We use a pipeline-based supervised machine learning classifier. The selected model is **Random Forest Classifier** due to its robustness to noise, ability to handle non-linear feature interactions, and support for mixed data types.

**Pseudocode Overview:**

```python
1. Clean and preprocess the 'description' column:
   - Lowercase, remove punctuation and stopwords
   - Vectorize using TF-IDF (unigrams + bigrams)

2. Process structured fields:
   - Normalize 'amount'
   - Extract date features (day_of_week, is_weekend)
   - One-hot encode user profile booleans

3. Concatenate all features into a combined dataset

4. Train a Random Forest Classifier (n=50 trees)
   - Use 5-fold cross-validation

5. Evaluate using accuracy, F1-score, confusion matrix
```

**Example:**

* Transaction: "Netflix Payment"
* TF-IDF: Token "netflix" gets high score
* Amount: 13.99 → typical subscription
* Category → Predicted: "Entertainment"

---

### 3. Data Analysis and Preprocessing

#### 3.1 Dataset Overview

* Two datasets:

  * `bank_transaction.csv` with transaction logs
  * `user_profile.csv` with user-level behavior flags

#### 3.2 Preprocessing Steps

**Text (Description):**

* Cleaned using regex
* Stopwords removed manually
* Vectorized using `TfidfVectorizer` with `ngram_range=(1,2)` for richer context

**Numerical:**

* `amount` scaled using standardization
* Missing values handled by dropping sparse rows

**Date:**

* `txn_date` used to extract `month`, `weekday`, and `is_weekend`

**Categorical/Boolean:**

* Boolean flags (e.g., `is_student`, `has_joint_account`) converted via OneHotEncoder

#### 3.3 Feature Importance

* Top TF-IDF features: "uber", "netflix", "atm"
* Key structured features: `amount`, `is_student`, `day_of_week`

> Feature importances were visualized using Random Forest's built-in `feature_importances_`.

---

### 4. Model Selection and Justification

#### 4.1 Alternatives Considered

| Model               | Pros                                    | Cons                                           |
| ------------------- | --------------------------------------- | ---------------------------------------------- |
| Logistic Regression | Simple, interpretable                   | Underfits sparse text, weak on non-linear data |
| Random Forest       | Robust to noise, handles mixed features | Slower training                                |
| XGBoost             | High accuracy, efficient                | Requires parameter tuning                      |

#### 4.2 Why Random Forest?

* Handles high-dimensional sparse vectors (TF-IDF)
* No strict assumptions on feature distribution
* Supports ranking of features for explainability
* Strong baseline before moving to deep models

---

### 5. Evaluation and Results

#### 5.1 Metrics

* **Accuracy:** \~78%
* **Macro F1-score:** Balanced across categories
* **Confusion Matrix:** Showed confusion in overlapping terms (e.g., "Grab" vs. "Uber")

#### 5.2 Cross-Validation

* 5-fold stratified validation used
* Performance was consistent across folds (low variance)

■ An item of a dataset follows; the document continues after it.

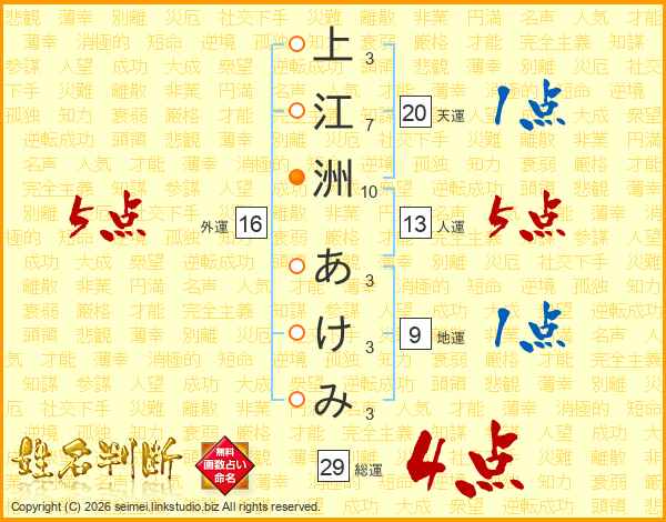 生活面を象徴する運勢です。外部から受ける影響力を表し、結婚運、家庭運や職場、環境への順応性を表します。総運から人運を引いた画数。姓や名が1文字の場合を除く。

#### 5.3 Class-Wise Insights

* Strong performance: Entertainment, Food, Transportation
* Weaker performance: Miscellaneous or ambiguous text

---

### 6. Future Development Plans

#### 6.1 Short-Term (1 Month)

* Use `RandomizedSearchCV` for hyperparameter tuning
* Add `merchant_name` field if available
* Implement `SMOTE` for class balancing
* Optimize TF-IDF memory footprint with sparse matrices

#### 6.2 Long-Term (3 Months)

* Replace TF-IDF with pretrained embeddings (e.g., FastText or BERT)
* Integrate XGBoost or LightGBM with early stopping
* Deploy model as a REST API for real-time inference
* Implement user-specific profile modeling (e.g., personal merchant history)
* Use SHAP for interpretability dashboards

---

### 7. Conclusion

This project built a pipeline for categorizing transactions using both unstructured and structured data. Random Forest was chosen for its strong performance and interpretability. Through TF-IDF and user profile integration, the model achieved \~78% accuracy. Future improvements will focus on feature engineering, deep text embeddings, and real-time deployment.